ALABAMA & VICKSBURG RAILWAY COMPANY ET AL.
v.
JOURNEY.
No. 55.
Supreme Court of United States.
Argued October 21, 1921. Decided November 7, 1921. ERROR AND CERTIORARI TO THE SUPREME COURT OF THE STATE OF MISSISSIPPI.*112 Mr. J. Blanc Monroe, with whom Mr. Monte M. Lemann and Mr. R.H. Thompson were on the briefs, for plaintiffs in error and petitioners.
Mr. Robert B. Mayes, for defendant in error and respondent, submitted. Mr. J.A. Teat, Mr. Chalmers Potter and Mr. Clayton D. Potter were also on the brief.
MR. JUSTICE BRANDEIS delivered the opinion of the court.
On April 30, 1918, Smith Journey sued the Alabama & Vicksburg Railway Company in the Circuit Court for the Second District of Hinds County, Mississippi, for an injury suffered on October 24, 1917. At the time of the accident the railroad was being operated by the company. When suit was brought the railroad was under federal control. The company pleaded in abatement that the plaintiff was not a resident of Hinds County when the alleged injury occurred and that the alleged cause of action did not arise in the district of the county in which suit was brought. And it set up Order No. 18 of the Director General of Railroads, as amended April 18, 1918, which prohibited the institution of suits against railroads under federal control in the court for any district other than that in which the plaintiff had resided or in which the alleged cause of action arose.[1] A demurrer to the *113 plea was sustained; the plaintiff then recovered a verdict; and the judgment entered thereon was affirmed by the highest court of the State. 122 Miss. 742. The case was brought here by writ of error. A petition for a writ of certiorari was also filed and consideration of the latter was postponed until the hearing on the writ of error. It is now granted; and the writ of error is dismissed.
The Supreme Court of Mississippi overruled the plea in abatement on the ground that Order No. 18 exceeded the powers conferred by Congress on the President and by him on the Director General.

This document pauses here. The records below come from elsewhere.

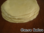 Каждый шарик раскатать, промазать обильно маслом и сложить друг на друга. -
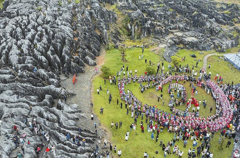 4月26日,省级非物质文化遗产——兴文苗族花山节传承展示活动,在宜宾市兴文县兴文石海景区举行。活动现场,苗族同胞身着节日盛装,跳起芦笙舞,参加巡游等传统民俗表演,吸引众多游客参与。
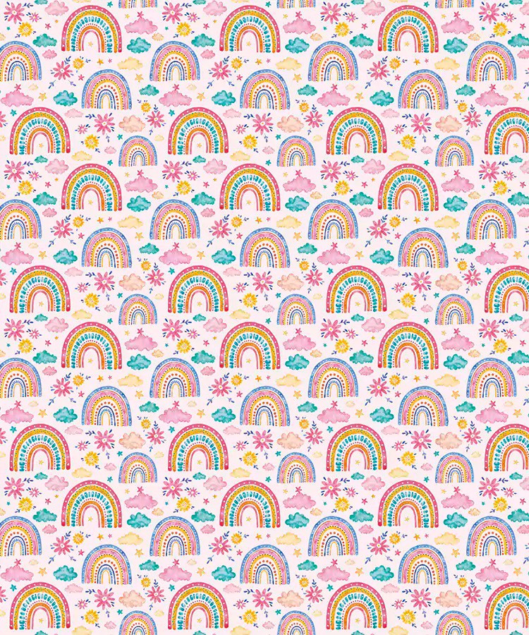 Tecido Tricoline Digital Arco Íris Fundo Rosa Claro - Tecidos Dohler - 50 x 150 cm
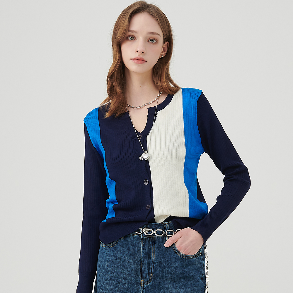 [마이르핀] 유니크 컬러블록 라운드넥 가디건
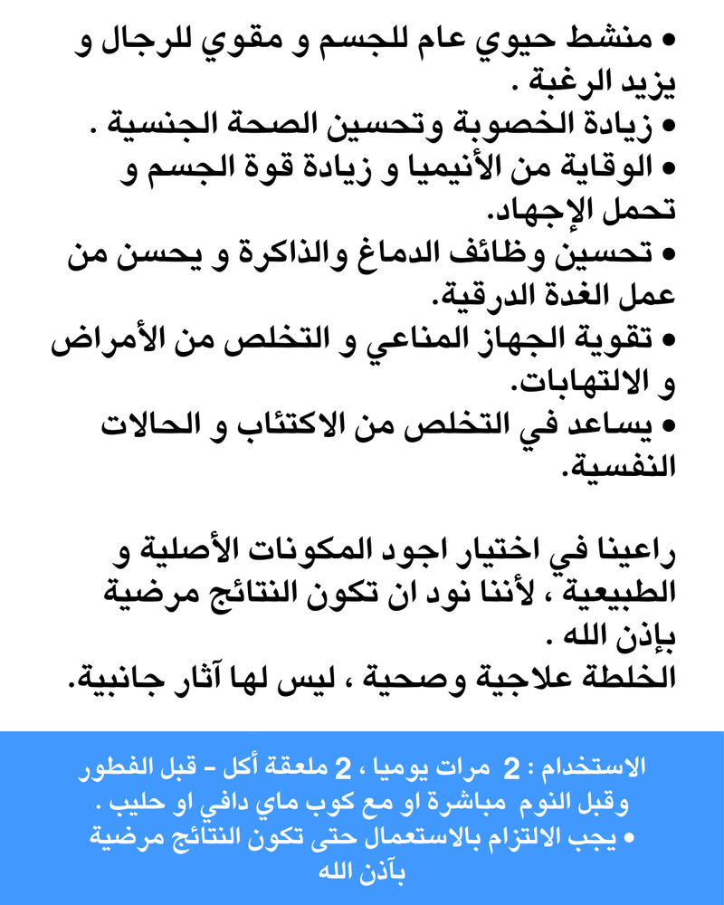 • منشط حيوي عام للجسم و مقوي للرجال و يزيد الرغبة .

Whether the state court erred in so holding is the only question before us. That it *114 did err is clear from what we said in Missouri Pacific R.R. Co. v. Ault, 256 U.S. 554, decided since entry of the judgment under review. Section 10 of the Federal Control Act of March 21, 1918, c. 25, 40 Stat. 451, 456, permitted enforcement of liabilities against carriers while under federal control except" in so far as may be inconsistent . . . with any order of the President." It was within the powers of the Director General to prescribe the venue of suits; and the facts set forth in the order show both the occasion for it and that the venue prescribed was reasonable.
Writ of error dismissed.
Writ of certiorari granted.
Judgment reversed.
NOTES
[1] General Order No. 18. April 9, 1918.
Whereas the Act of Congress approved March 21, 1918, entitled, "An Act to Provide for the Operation of Transportation Systems While under Federal Control," provides (section 10) "That carriers while under Federal control shall be subject to all laws and liabilities as common carriers, whether arising under State or Federal laws or at common law, except in so far as may be inconsistent with the provisions of this Act or with any order of the President. . . . But no process, mesne or final, shall be levied against any property under such Federal control"; and,
Whereas it appears that suits against the carriers for personal injuries, freight and damage claims, are being brought in States and jurisdictions far remote from the place where plaintiffs reside or where the cause of action arose, the effect thereof being that men operating the trains engaged in hauling war materials, troops, munitions or supplies, are required to leave their trains and attend court as witnesses, and travel sometimes for hundreds of miles from their work, necessitating absence from their trains for days and sometimes for a week or more; which practice is highly prejudicial to the just interests of the government and seriously interferes with the physical operation of the railroads; and the practice of suing in remote jurisdictions is not necessary for the protection of the rights or the just interests of plaintiffs.
It is therefore ordered, that all suits against carriers while under Federal control must be brought in the county or district where the plaintiff resides, or in the county or district where the cause of action arose.
General Order No. 18A. April 18, 1918.General Order No. 18, issued April 9, 1918, is hereby amended to read as follows:
"It is therefore ordered that all suits against carriers while under Federal control must be brought in the county or district where the plaintiff resided at the time of the accrual of the cause of action or in the county or district where the cause of action arose."